I went to Costco tonight after work, because I needed to pick up just one item that I always buy there. After I walked in, I thought, "What are you doing??? It's not going to be worth waiting in Costco-at-Christmas lines just to buy some cheese!" But this thought came at exactly the time when I could see past all the entryway promotional stuff over to the cash registers. The lines were SHORT, so I stayed.
I said hi to the high school friend of my daughter's who works at Costco and who I haven't seen there in months, but I didn't linger for fear that all the other shoppers would beat me to the registers. Instead, I made a bee-line for that room in the back where they keep the fruit and lettuce, the room that's about a hundred thousand degrees below zero and even a parka isn't enough to keep you warm while you look at the grapes.
Before I got there, though, when I was near the high-density food sample area, I saw a familiar face. It was HIM, the guy who broke my heart a couple years after my divorce. But before he did that, he helped me remember what romance feels like. All that stuff I said in my Romance post about what you miss if you take things too fast, that's what I went through when I dated this guy. It was wonderful.
And then it hurt like hell, even though I didn't love him. But I got over him a long time ago, and I haven't seen him at all for a couple years.
Tonight at Costco when I saw him, there were no stomach flips or any sudden pounding of my heart. I simply recognized him and realized that, yeah, he's still around. He's still as tall and good-looking as ever, but I glanced at his hand and saw that he's married now. After all the other women with broken hearts after mine, he finally picked someone and settled down. Naturally, I kept my eyes open to see who she was.

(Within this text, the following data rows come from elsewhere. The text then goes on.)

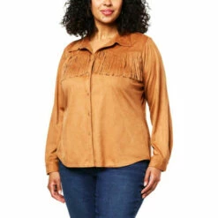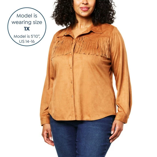 You don’t need to be from the wild, wild west to appreciate the Western-inspired style of this embellished faux suede top from Diane Gilman.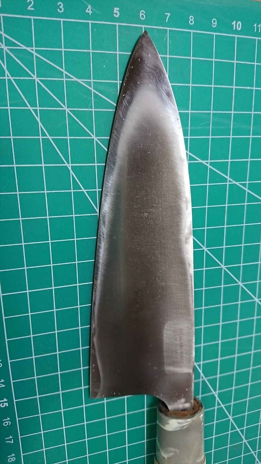 ・商品によっては稀に、除去痕により若干の引っかかりや保管中に微妙に曲がりや反りが出る場合があり。中古包丁の性質上ご理解下さい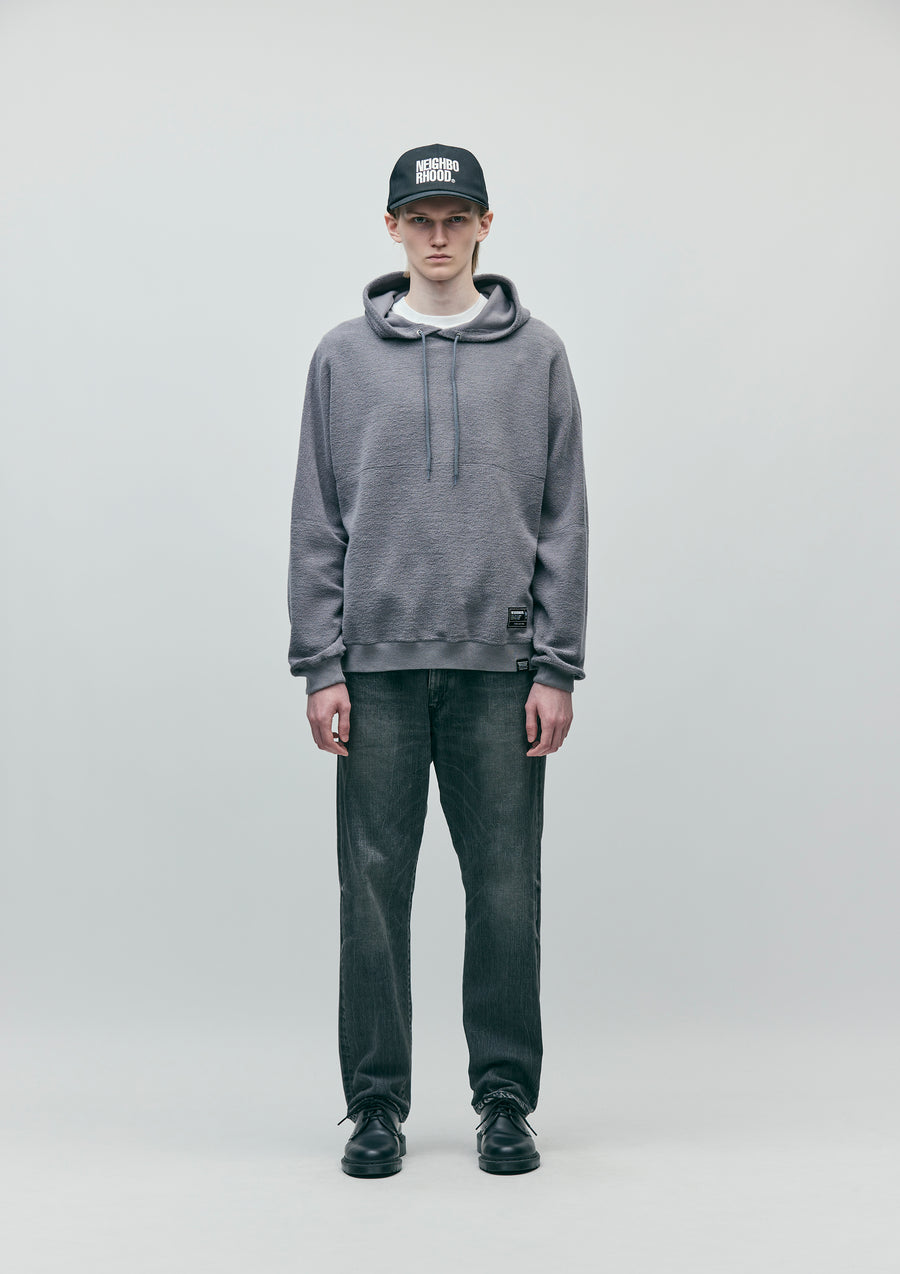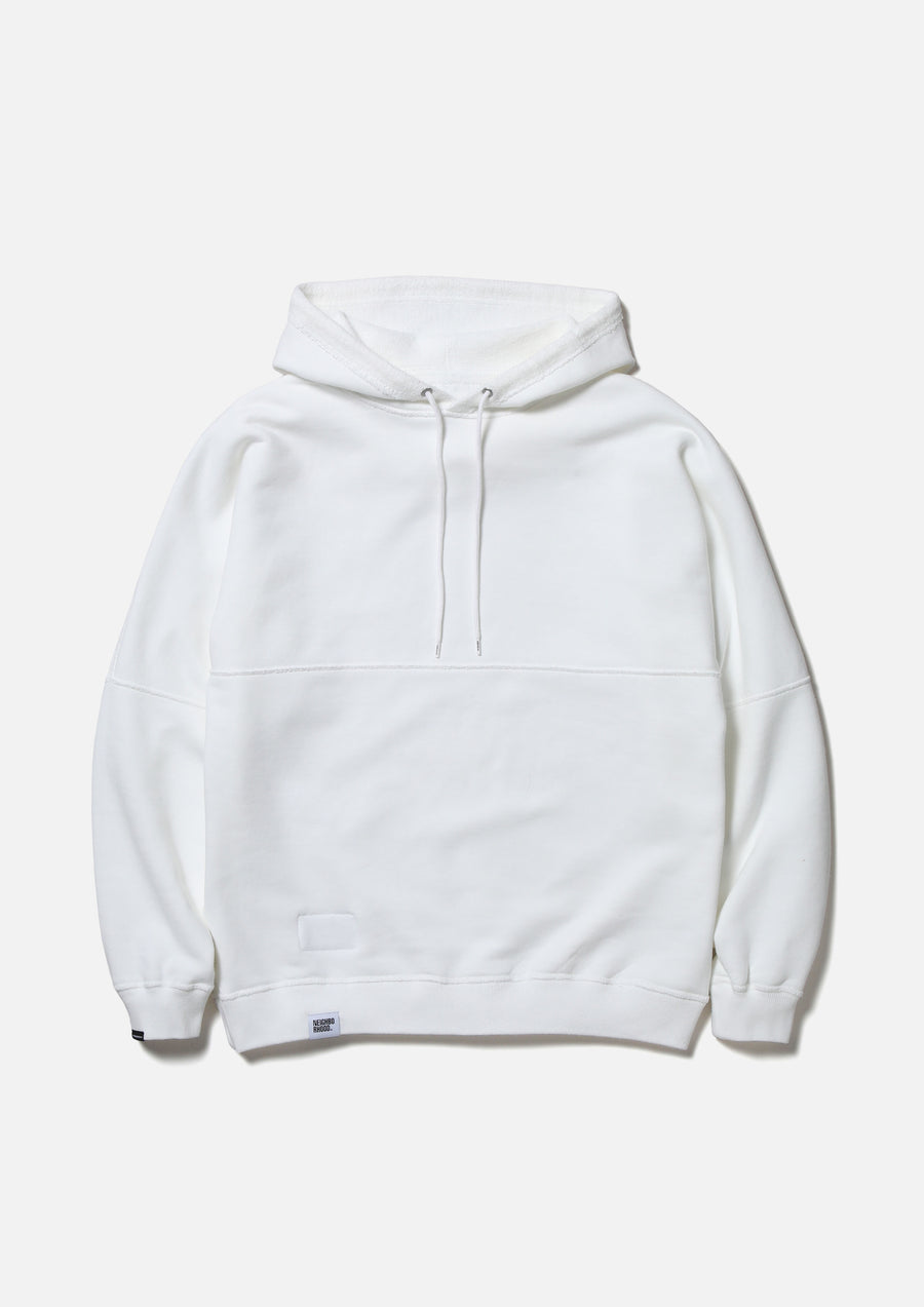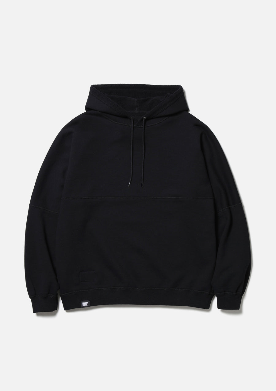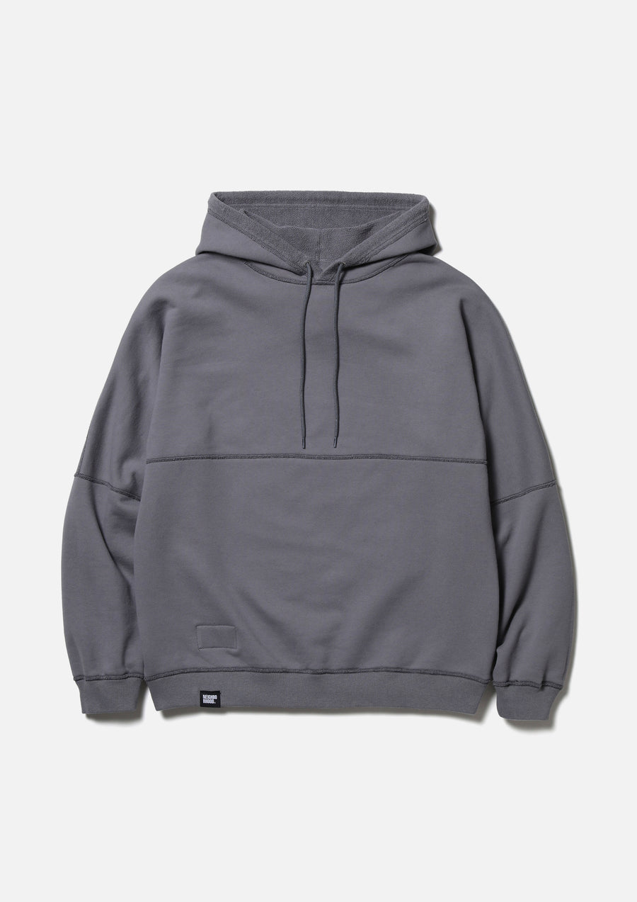A reversible pullover hoodie utilizing the pile side of tightly knit fleece-backed fabric. Designed with distinctive paneling. Features a logo print on the jersey side and a brand tag on the pile side. Includes a brand tag inserted in the cuff.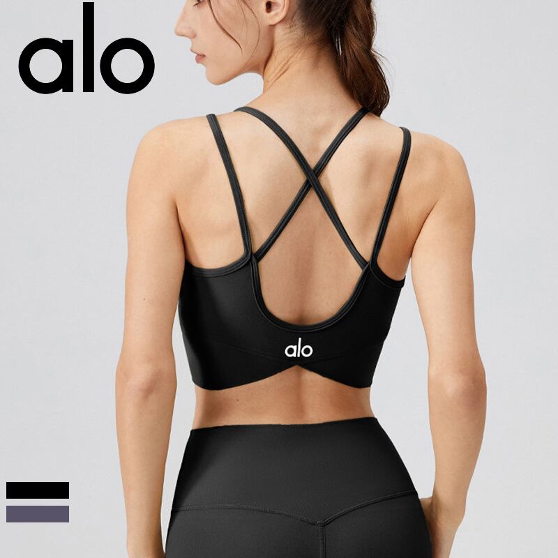 Alo Yoga アロヨガ ライトサポート スポーツブラ 揺れない クロスバック サポートブラ ヨガウェア 美胸 ブラック パープル
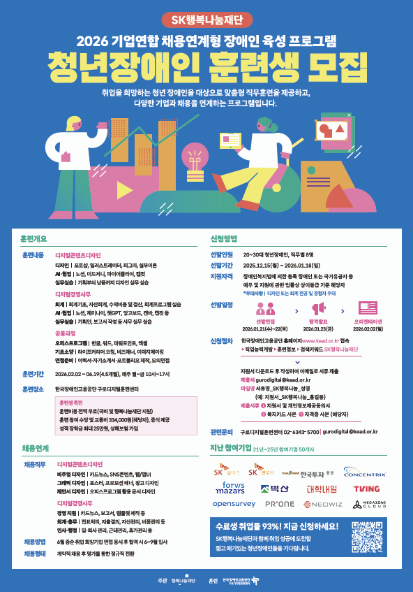 구로디지털훈련센터는 SK그룹의 사회공헌 전문 재단인 SK행복나눔재단과 협력하여 장애인 인재육성 및 채용연계형 훈련을 진행하고 있습니다. 디자인, 사무 직무로 취업을 희망하는 청년 장애인을 대상으로 맞춤형 직무훈련을 제공하고, 다양한 기업과 채용을 연계하는 프로그램이니 많은 참여 바랍니다.

I didn't know her, assuming his wife is the woman whose back he touched. She's unattractive and looks older than he does, with mousey brown hair pulled back into a pony tail, and frumpy clothes that Stacy and Clinton would definitely not approve of.
He could have had a beauty, with his looks, and his third broken heart (counting mine) belonged to an adorable woman with an incredible personality and joie de vivre. But he didn't want her either. Instead, he seems to have settled, and that's a little sad.
There was one night when we were dating when he took me to a dance at somebody's house, and I could tell he was head-over-heels about me (I was the same way about him), but the next time we went out, he started backing off. I always had the impression after that that he was afraid to let himself feel too much about a woman, for fear that she'd leave him devastated the way his first wife had. And he seemed to repeat that closeness followed by break-up over and over. Now it looks like he found someone who he doesn't have to worry that she'll be stolen away from him.
Life is too short to make all your decisions based on fear. That's not living, that's just existing, and if that's the case for him, it's his loss.
I walked tall and pushed my cart toward the ice-box room without saying anything to him, and he didn't say anything to me either.
The grapes looked lousy, so I went over and got my cheese and headed for the checkout stands, where there was NO LINE AT ALL!
Some days give you a big surprise. Today gave me two.